Thursday, June 5, 2008

My Nights (Sunday Scribblings #114)

Nights have always been weird for me. I can remember when I was younger having awful nightmares about people breaking into my house or me dying.
In my teens things changed. I had to have it completely dark and silent. The only thing that could run was my air conditioner. Even little things like someone walking by my door woke me up. Even in winter I would shut my door, which inevitably led to me waking up with my nose frozen.
When my anxiety started, things did a sharp 180. Even to this day I get embarassed by the way I sleep. I have to have background noise.

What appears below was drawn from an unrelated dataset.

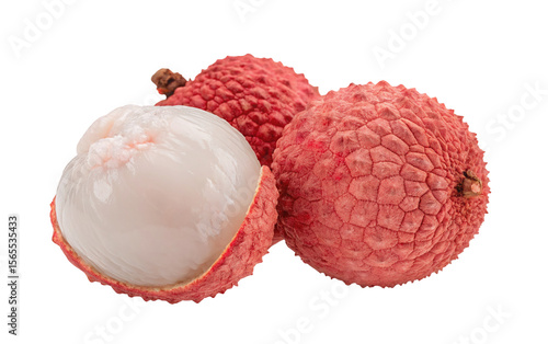 A close up of three lychee fruits with one peeled showing the white flesh on a black background

Its soothing and I honestly can't fall asleep without it. so I turn on some movie or tv show and crash. Then theres the lights. I fall asleep with several lights on. I have woken up to a completely dark room and my anxiety immediately shoots up. My heart races and I feel a panic attack coming on. So I will flip a lamp on. Also, no matter how freaking warm it gets I have to have a blanket to fall asleep. I may kick it off 5 minutes after I crash but to get there, I have to have one.
This is why for some time now I have been sleeping on my couch, not in my room with my fiance. I hate it more than anything but the anxiety is still bad. I have tried several times in the last couple months but inevitably woke up in the middle of the night feeling my heart beating out of my chest. I know it kills him and I hate it. There is just something about nighttime that wires my panic.
What is it about night that sends fear into children and anxious adults? I'm not afraid of the dark. I think its this weird fear I picked up along the way that there is someone there, watching me. I can't see them but they can see me, and everything I do. I know that may sound crazy but Its just my brain. I have always been afraid of being attacked. (Holy crap... I just had an epiphony! I love it when that happens.)